On Wed, Oct 7, 2020 at 5:54 AM narges saleh <[hidden email]> wrote:
Thank you, Denis.
So, a lesson for the future, would the continuous query approach still be preferable if the calculation involves the cache with continuous query and say a look up table? For example, if I want to see the country in the cache employee exists in the list of the countries that I am interested in.

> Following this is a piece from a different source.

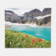 This photo features a stunning turquoise coloured water at the base of Grinnell Glacier in Glacier National Park in Montana.
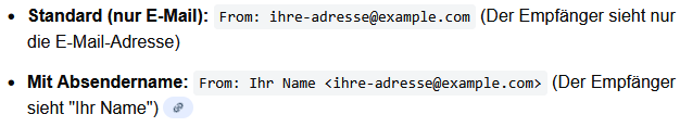 Ich möchte aber, dass dort gar keine Mailadresse steht. Es soll einfach „Funkelwelt“ angezeigt werden. Ist das möglich?

On Tue, Oct 6, 2020 at 4:11 PM Denis Magda <[hidden email]> wrote:
Thanks

Then, I would consider the continuous queries based solution as long as the records can be updated in real-time:
  • You can process the records on the fly and don't need to come up with any batch task.
  • The continuous query filter will be executed once on a node that stores the record's primary copy. If the primary node fails in the middle of the filter's calculation execution, then the filter will be executed on a backup node. So, you will not lose any updates but might need to introduce some logic/flag that confirms the calculation is not executed twice for a single record (this can happen if the primary node failed in the middle of the calculation execution and then the backup node picked up and started executing the calculation from scratch). 
  • Updates of other tables or records from within the continuous query filter must go through an async thread pool. You need to use IgniteAsyncCallback annotation for that: https://ignite.apache.org/releases/latest/javadoc/org/apache/ignite/lang/IgniteAsyncCallback.html
Alternatively, you can always run the calculation in the batch-fashion:
  • Run a compute task once in a while
  • Read all the latest records that satisfy the requests with SQL or any other APIs
  • Complete the calculation, mark already processed records just in case if everything is failed in the middle and you need to run the calculation from scratch

-
Denis


On Mon, Oct 5, 2020 at 8:33 PM narges saleh <[hidden email]> wrote:
Denis
 The calculation itself doesn't involve an update or read of another record, but based on the outcome of the calculation, the process might make changes in some other tables.

thanks. 

On Mon, Oct 5, 2020 at 7:04 PM Denis Magda <[hidden email]> wrote:
Good. Another clarification:
  • Does that calculation change the state of the record (updates any fields)?
  • Does the calculation read or update any other records?
-
Denis


On Sat, Oct 3, 2020 at 1:34 PM narges saleh <[hidden email]> wrote:
The latter; the server needs to perform some calculations on the data without sending any notification to the app.

On Fri, Oct 2, 2020 at 4:25 PM Denis Magda <[hidden email]> wrote:
And after you detect a record that satisfies the condition, do you need to send any notification to the application? Or is it more like a server detects and does some calculation logically without updating the app.

-
Denis


On Fri, Oct 2, 2020 at 11:22 AM narges saleh <[hidden email]> wrote:
The detection should happen at most a couple of minutes after a record is inserted in the cache but all the detections are local to the node. But some records with the current timestamp might show up in the system with big delays.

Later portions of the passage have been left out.